Alexander, Cato (1780–1858), was a key member of the founding cohort of the American school of mixing drinks, running establishments that pleased New Yorkers and travelers foreign and domestic with his exceptional drinks and cuisine for over forty years. Born enslaved, probably in New York, Alexander was raised in the world of inns and taverns (as a youth he frequently waited on George Washington when the president lived in New York). See Washington, George. He gained his freedom in 1799 and, sometime before 1811, leased a substantial, two-story house and an acre or two of land on the Boston Post Road four miles north of New York City (today it corresponds roughly to Second Avenue and Fifty-Fourth Street in Manhattan). He would run a tavern there for the next three and a half decades.
In its long heyday, Cato’s Tavern was an integral part of the city’s social life. It was a popular destination for weekend family excursions and a venue for balls, auctions, and funerals. It was also, however, a key part of the infrastructure of the city’s sporting life, as a goal for impromptu carriage races, a meeting point for foxhunts in the wilds of northern Manhattan, and a gathering point for the raffish, the high-spirited, and the dissolute.
Alexander himself enjoyed a general respect infrequently accorded to African Americans at the time. As was common with African American caterers, he supervised both the kitchen and the bar. His reputation as a chef was high, but as a mixologist it was even higher.
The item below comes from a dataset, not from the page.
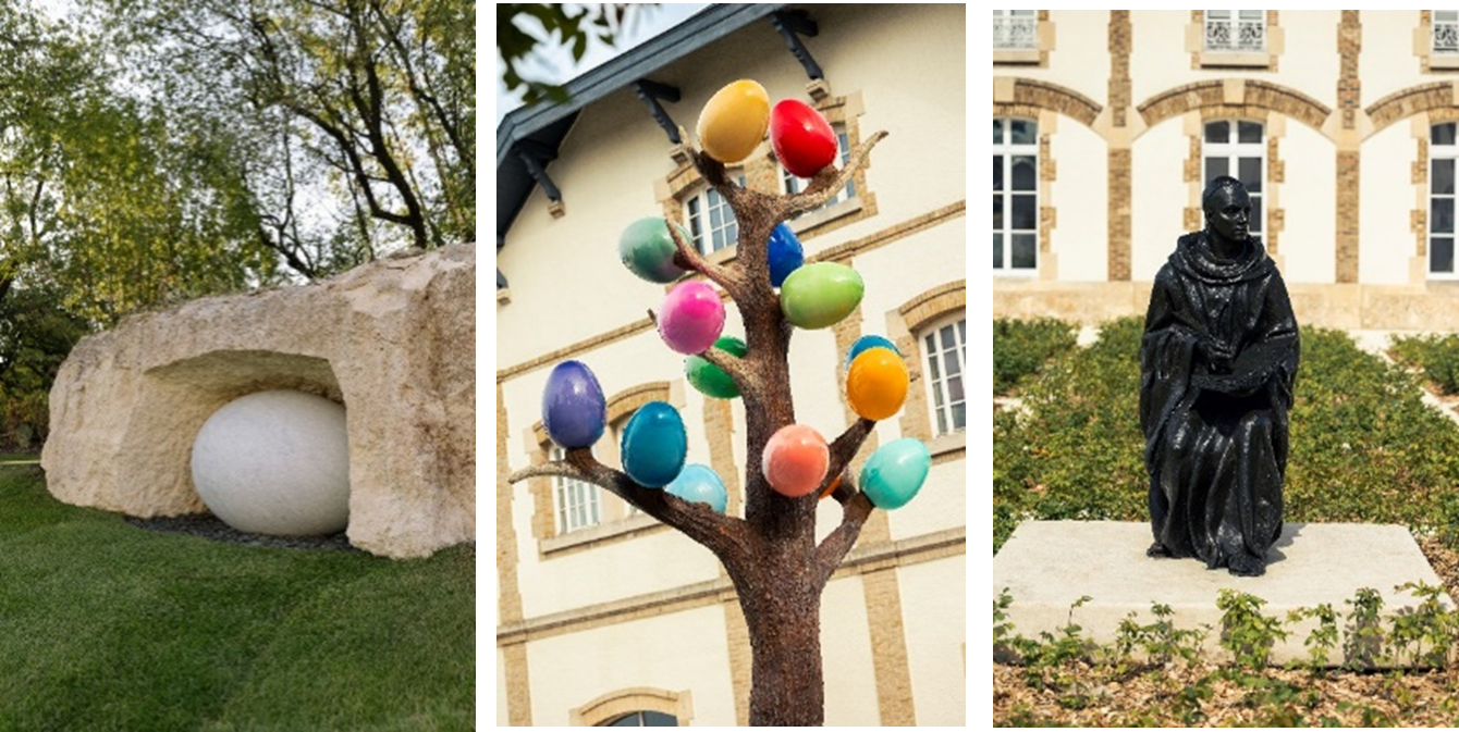 ルイナールの美術界への足跡を反映し、敷地内のいたるところに環境価値を共有する国際的なアーティストたちの作品が散りばめられています。小道や中庭、アーティスト・ガーデンには、ルイナールの委嘱による作品が数多く展示され、メゾンの価値観や芸術に対する様々なビジョンを示しています。ブドウの木、ガラス、石灰岩、木材、金属、泡の音、ブドウの葉。使用されている素材は、シャンパーニュ地方の生物多様性から気候や土壌条件まで、さまざまな要素や懸念を反映し、多様な芸術的アプローチを体現しています。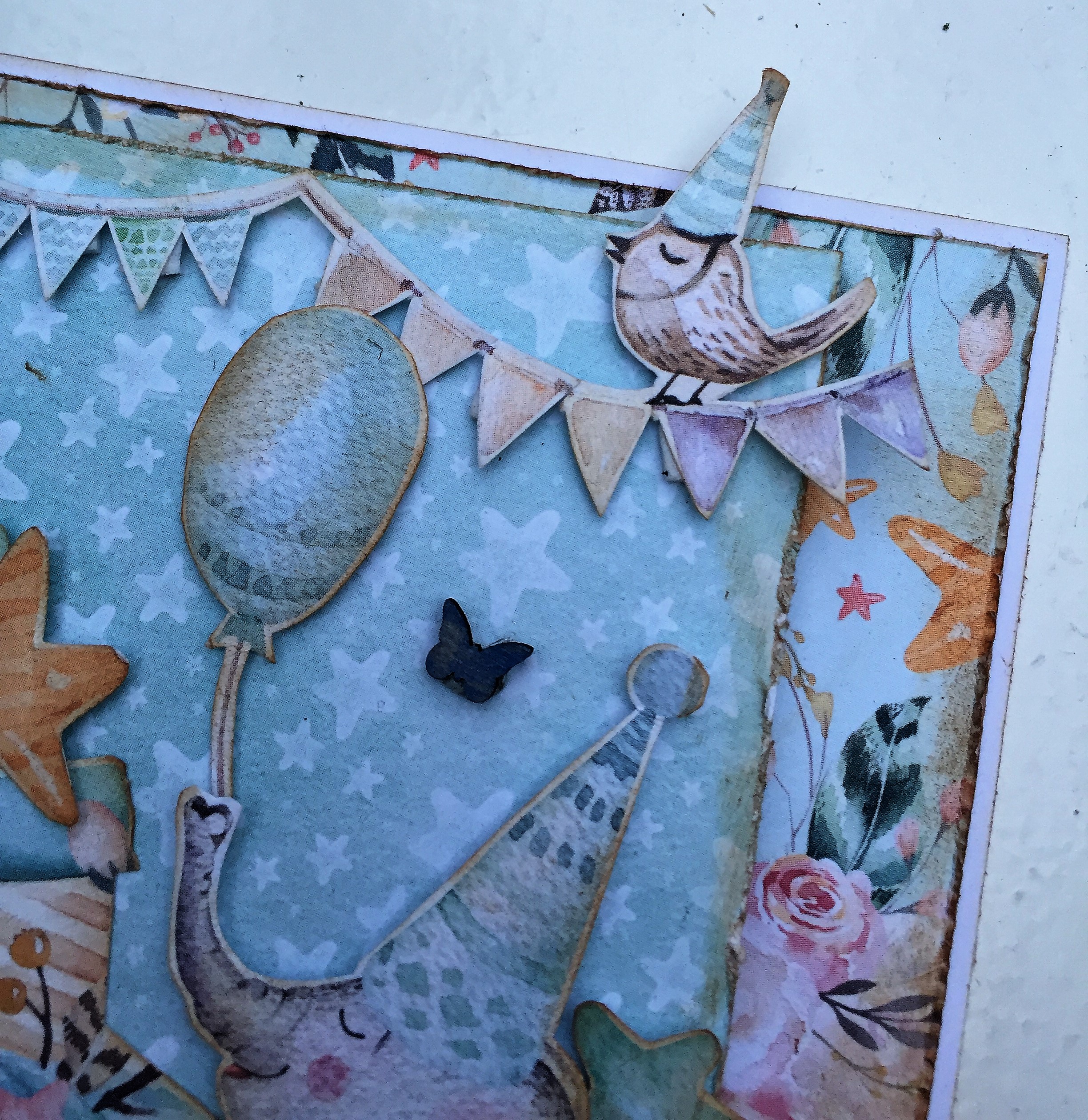 Sød detalje i med et lille flagbanner og fugl i toppen af kortet.

While Alexander was often praised for his traditional punches, his chief acclaim was for his way with the new, peculiarly American drinks that were transforming the country’s drinking culture. The Irish actor Tyrone Power, who frequented his establishment in the early 1830s, summed up the general opinion when he called Alexander “foremost amongst cullers of mint, whether for julep or hail-storm; second to no man as a compounder of cock-tail, and such a hand at a gin-sling!” See Cock-Tail and Gin Sling. His only rival as a popularizer of these drinks was Orsamus Willard, of New York’s famous City Hotel. See Willard, Orsamus.
In the mid-1840s, Alexander was forced to sell his business after losses incurred, rumor had it, from lending incautiously to his patrons. After a stint as a farmer on Long Island, east of the city, he returned to New York in 1852 and opened a modest oyster house on Broadway. It lasted barely a year, and after that he disappeared from the public eye. Alexander’s original tavern and its popular proprietor, however, remained large in the memory of New Yorkers well into the twentieth century.
“Death of Cato of ‘the Road.’” New York Herald, February 17, 1858.
Mott, Hopper Striker. “Cato’s Tavern.” Americana, April 1916, 123.
Power, Tyrone. Impressions of America during the Years 1833, 1834, and 1835. London: R. Bentley, 1836.